Joseph Ortega, a Bermuda Dunes resident who has worked as a rideshare driver full or part time for more than six years, said he earned roughly $5,000 in a weekend when he first began driving for the music festivals. By 2019, the last time the festivals were held, he said he earned about $1,000 per weekend.
“(That) is a huge cut compared to what it used to be,” Ortega said.
Ortega, who worked for Lyft for several years as the company’s Palm Springs “community associate,” said changes to the main rideshare companies’ algorithms made it less lucrative for drivers to work during very busy times for the last several festival seasons. He said changes to the rideshare pickup requirements around the festivals and increasingly clogged traffic added to the time required for each festival trip, depleting the relative benefits of working the events.
“The luckiest I got was an hour and 20 minutes in and out,” Ortega said. “I could be almost to L.A. in that time.”
Ortega said a majority of the rideshare drivers who choose to work the festivals are not from the Coachella Valley, but rather are drawn from other areas in Southern California by promotions offered by Uber and Lyft designed to boost driver numbers and meet the temporary surge in demand from the festivals. He said this amounts to a raw deal for local drivers, who are paid less than people from out of the area to do the same work.

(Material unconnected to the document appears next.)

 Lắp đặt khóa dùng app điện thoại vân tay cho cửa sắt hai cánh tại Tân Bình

An Uber spokesperson told The Desert Sun that the company planned to increase fares across the Coachella Valley during the festivals this year to help both local and out-of-area drivers and that there would be a “series of special promotions” to incentivize pickups from the events.

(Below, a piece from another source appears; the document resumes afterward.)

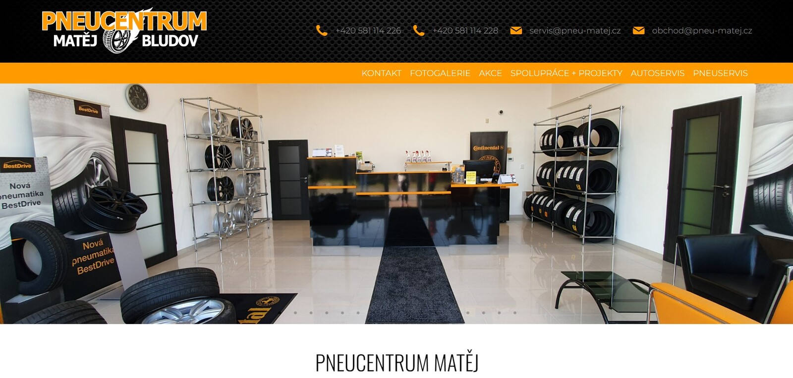 Společnost PNEUCENTRUM MATĚJ BLUDOV, s.r.o. je pneuservis a autoservis, ve kterém vám zajistí prodej a opravy pneumatik včetně kompletního servisu pro váš vůz. Společnost sídlí v Bludově.

The spokesperson also said passengers would be required to pay drivers a $20 surcharge for pickups from the festival grounds. They didn’t respond specifically to a question on the disparity between local and out-of-area driver pay for festival work in past years.
Lyft did not respond to a request for comment.
John Fitzgerald, a Palm Springs-based IT worker who has driven for Uber and Lyft part-time for the last six years, echoed Ortega’s sentiments about the declining profitability of working the events and the prevalence of out-of-area drivers.
He said new incentives designed to get drivers back onto the road amid the pandemic led him to make more money with Uber in 2021 — a year without the music festivals — than in the three years leading up to the pandemic combined.
“I think the festivals are going to have less of an impact than they used to because of the incentives Uber has for just regular driving,” Fitzgerald said.
Fitzgerald said he doesn’t need the income from rideshare driving to pay his bills, but he primarily does it because he enjoys meeting and interacting with new people in the desert. He said he plans to drive during the festivals this year, but only ferrying people around the greater Palm Springs area. He said past experiences with traffic jams, less favorable rates for drivers and high gas prices currently have left him set against taking trips directly to or from the events in Indio.
Ortega, who uses the money from rideshare driving to pay for vacations with his five children, said he also plans to drive during the festivals, but is uncertain whether or not he will take rides directly to or from the events.
The rideshare drivers’ observations about the prevalence of non-local workers also appears to apply to a large share of festival staff.
Many security-related positions at the festivals, such as security guards and screening agents, are filled by events staffing company Allied Universal. Although Allied’s Palm Desert office hires locals to staff gated communities and events throughout the Coachella Valley year round, a company representative said most of the staff it supplies to Coachella are from Los Angeles or elsewhere in the Inland Empire.
Allied spokesperson Sherita Coffelt said the company is currently looking to fill “hundreds” of openings for events in the region, including the festivals, and welcomes Coachella Valley locals to apply.
Goldenvoice did not respond to a similar inquiry on how many of the festival events staff directly hired by their company were Coachella Valley locals.